Поэт Владимир Дмитриевич Цыбин, который сразу же обратил на себя внимание первыми сборниками стихов «Родительница-степь», «Медовуха», вспомнил о своей реплике в адрес Евгения Евтушенко, с которым он в начале пятидесятых годов поступил в Литературный институт.

— Женя, — сказал он ему, — ты похож на силомер. Знаешь, в Парке культуры такой стоит. По нему ударяют молотом. Так вот. Когда ударяют по нему мощно, и планка долетает до упора вверху, глядят именно на звенящую планку.

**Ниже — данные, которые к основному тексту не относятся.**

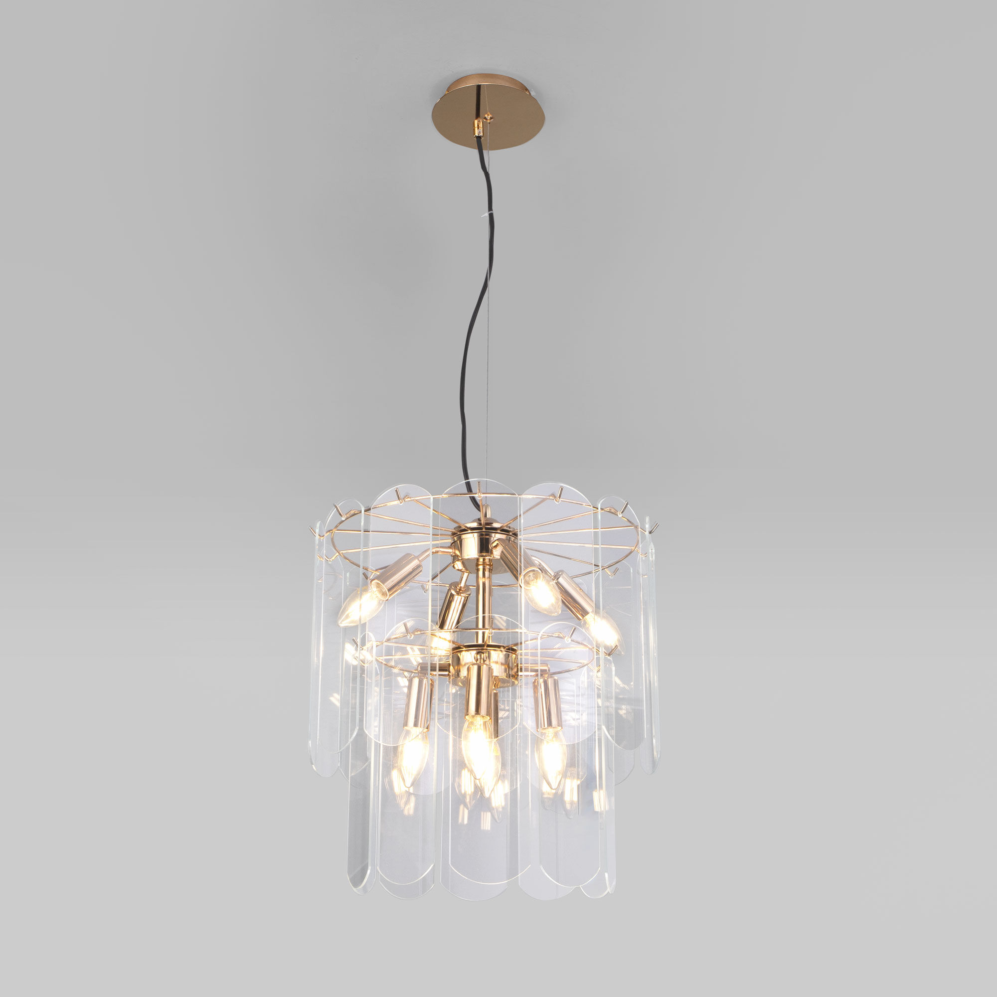 Подвесная люстра в золотом цвете предназначена для создания основного освещения в современных и классических интерьерах, подходит для различных типов помещений: гостиная, спальня; и рассчитана на площадь освещения 16 м².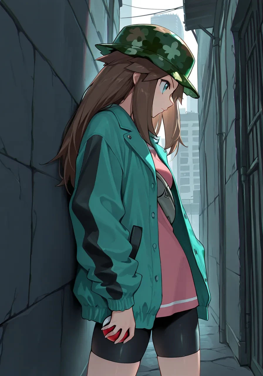 Sygna Suit: LeafSYG, camouflage headwear, open jacket, green jacket, pink shirt, bike shorts, black footwear

А когда бьют по силомеру слабо и планка застревает где-то посреди штатива, все глядят не на планку, а на автора этого удара…

245

Писатель Николай Корнеевич Чуковский, глядя на собаку Томку, что носилась по Дому творчества, заметил:

— А ведь она замечает в тысячу раз больше, чем мы. Но она не делает выводов. Не обобщает…

246

Жил в Москве в начале XIX века Неелов Сергей Алексеевич, пользовавшийся славой отчаянного кутилы, присяжного остряка и говоруна московских гостиных.

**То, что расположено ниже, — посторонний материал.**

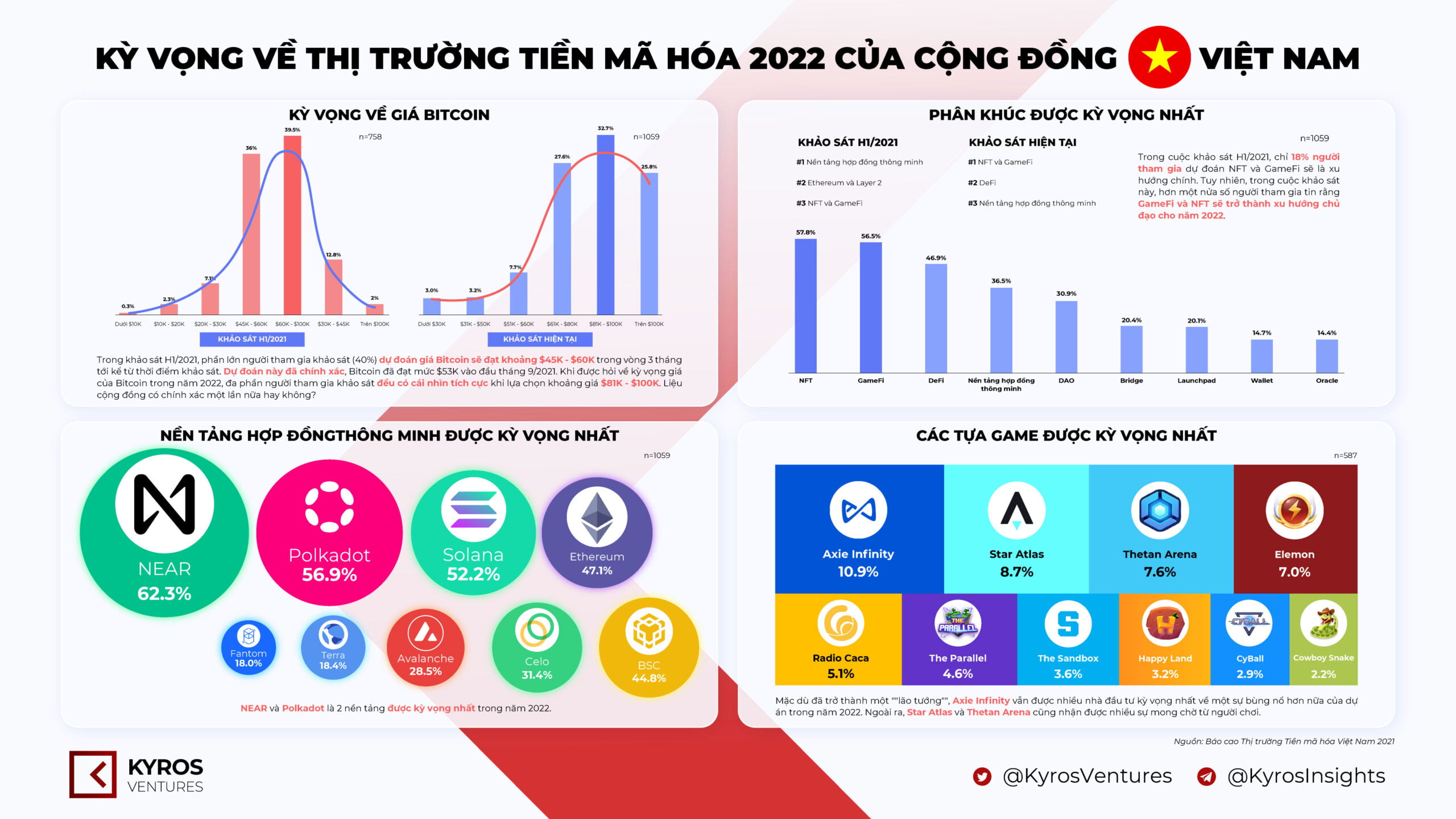 NFT và GameFi mới là những xu hướng được kỳ vọng nhiều nhất với hơn 50% người tham gia khảo sát gọi tên hai phân khúc này khi được hỏi về xu hướng chủ đạo trong năm 2022, mức bật tăng ấn tượng so với con số 18% khiêm tốn trong khảo sát vào nửa đầu năm 2021.

Он дорожил своими связями с поэтами И.И.Дмитриевым, В.Л.Пушкиным, П.А.Вяземским. Сам творил вирши, наспех и мимоходом. Шуточные и сатирические стихи его были почти всегда неправильны, но всегда забавны и метки. Писал он и безграмотно, не ладил с размерами и рифмами. И это между прочим придавало им оригинальность. Образчики его стихов приводил Вяземский в своей «Старой записной книжке».

Вот, что писал; в частности, Неелов своей родственнице, у которой намеревался остановиться по приезде своем:

  • Племянница моя, княгиня Горчакова,
  • Которая была всегда страх бестолкова,
  • Пожалуйста, пойми меня ты в первый раз
  • И на стихи мои ты вытаращи глаз.
  • Приеду я один, без моего семейства,
  • Квартира мне нужна не как адмиралтейство,
  • Но комната одна, аршина три длины,
  • Где б мог я ночью спать, не корчивши спины.

А вот и любовные его стихи:

  • Если Лёля взглянет,
  • Из жилета тянет
  • Мое сердце вон.

Сергей Алексеевич уже в старости оставил нам стихотворный итог своей независимой жизни барина и литературного дилетанта.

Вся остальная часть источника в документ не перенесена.